I've written outlines for graphic novels and scripts for graphic novel pages, although I never had the motivation to attempt the art side myself.  And trying to team up with an artist never worked out.  I've multiple times developed the story outline while the artist was right there in chat, so I could run each idea past them and make sure they were enthusiastic about the various parts of the story.  Then for about a week they'd be free to do character design while I put the finishing touches on the outline and wrote the script for the first scene or first 5 pages.  I've even done thumbnails if requested.  Sometimes the artist actually produced a character design or two.  Then I'd deliver the first part of the script, get a positive verbal response, then just... nothing.  Forget pages, they never seemed to make it through the first panel.  I think the sheer amount of work involved tends to kill many artists' enthusiasm even when they like the story idea a lot.

But anyway, I could give tips or examples of creating a graphic novel outline and script, if you are looking for that.  As far as software goes, most artists who have the experience to plausible make a graphic novel already have a tablet and a favored software, whether that's Photoshop, Gimp, Illustrator, or Inkscape.  Trying to learn a new software adds unnecessary complexity to an already complex project like sequential art.  As long as the program has either layers or vectors and works well with the artist's favored input device, it can be used to make a comic.


----------



## sunandshadow (Dec 12, 2011)

Here's a sample first page script, perhaps that will be useful to see.  The terms shifter and graven have been previously defined - gravens look like humans born with tribal tattoos, shifters are shapeshifters which typically look like anthros based on a mish-mash of animals.  First scene presents the ironic problem of a main character who looks like an anthro, whose fellow species-members would consider being attracted to humans (lesser beings) to be a sort of bestiality.


> *Skin Shapes* graphic novel script
> *Page 1 (righthand)*
> 
> 
> ...


----------



## foozzzball (Dec 12, 2011)

M. Le Renard said:


> I'll leave this one up to foozzzball.  He's done a few... if not graphic novels, then comics, which is relatively close.



I've written a graphic novel (as yet undrawn), and have been writing a (mostly) weekly webcomic for about two years. (I think it's still in my signature!)

As for my advice?

...

Writing comics is not like writing prose, and every mistake you make with a script will be magnified by the artist, but every success you have will be magnified too. The trick is understanding that the comic-as-drawn is the artist's storytelling work based on yours. You have to tell a good story with the script to begin with.

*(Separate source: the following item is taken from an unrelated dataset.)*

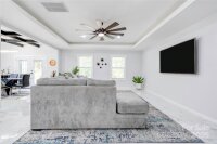 This beautifully crafted newer construction home offers the perfect blend of style, space, and functionality. Nestled on a spacious 1.68 acre lot, this 4-bedroom, 4.5-bath property features a smart open floor plan with designer finishes and attention to every detail. Enjoy a welcoming covered front porch and a spacious rear deck, and fire pit area, perfect for relaxing or entertaining. Inside, the light-filled layout boasts decorative lighting, neutral decorator colors, and high-quality finishes throughout. The chef’s kitchen is a showstopper, complete with quartz countertops, stainless steel appliances, a gas range, and abundant cabinetry—ideal for both everyday living and hosting. A main-level bedroom with ensuite bath offers flexibility for guests, in-laws, or a private office setup. Upstairs, each bedroom includes its own full bath, offering comfort and privacy for all. The laundry room comes equipped with washer and dryer to remain for added convenience. Located just minutes from Highway 74, this home provides quick access to local amenities while still offering the peace and privacy of a large lot. Don't miss this opportunity to own a move-in ready home with timeless style and modern functionality!

Formatting can vary wildly. There is no industry standard. For examples of mine poke around on the webcomic or on my FA for awhile. Also look at http://www.comicbookscriptarchive.com

Also artist/writers who pull double duty tend to have their own way of doing things which I have no idea about -- I just write -- so this all is liable to be less useful to the OP. I will bug the artist who does Askazi to come look at this -- she may have tips.


----------



## Tanzenlicht (Dec 12, 2011)

I have done a little comic work on my own as writer and artist.  When I did it I worked by just sort of pulling a page out of my head and working it out as I went.  This had the advantage of not requiring me to actually be much of a writer, and the disadvantage of allowing me to draw myself into a corner, get tired of whacking away at it and quit forever.

I would recommend at least a solid outline with maybe an idea for what will go on each page (one page of discussion, two pages of fight scene, whatever).  If you're talented enough to pull off a page by page, panel by panel honest to goodness comic script then do it.  It is the best thing to have.

As to how one produces such a script...*shrug* it is magic as far as I know.

Keep in mind that a comic script and a film strip are different animals.  Reading  this book may be of use in understanding how they are different.

If you're not good at writing you may wish to consult with someone about dialogue and such before you release your comic into the wild, but you don't need good grammar to do the layout.  Write it, draw it, have someone proofread your word bubbles.

I don't think what art program you use will matter much.  I'm currently using a combination of GIMP and Paint Tool Sai because Sai handles inking so beautifully and GIMP handles pretty much everything else (layout, panels, text, resizing)....uh, y'know, at all.

I cannot recommend finding a person who wants to do the part you're less interested in enough, but keep in mind it will involve years and patience and people handing you short stories that they think might make good comics you can handle the scripting yourself right?  Or who don't ever write again after they get some character designs out of you or...but I found one so I don't have to be bitter about the rest of them any more.

And since you have stories to tell finding a writer who wants to write your stories and not their own will probably be like a billion times harder.
I guess my advice consists of just start doing it.  You don't have to wait until you're good enough at writing or drawing, writing and drawing regularly will make you better at both.  Don't worry about ruining your story.  There will be another better story after this one and you will find out about it because you have become a better story teller by 'ruining' the old one.

Have fun.


----------



## kobuzero (Dec 12, 2011)

Thanks very much all of you, you have been most helpfull. However, one thing I failed to mention, I was probably just spacing when I posted. I am an artist as well, I'm the artist and the writer. I just needed a way to kinda flesh out my story being hand writen like the script example above. That was perfect, and I will certainly use that idea of scripting it.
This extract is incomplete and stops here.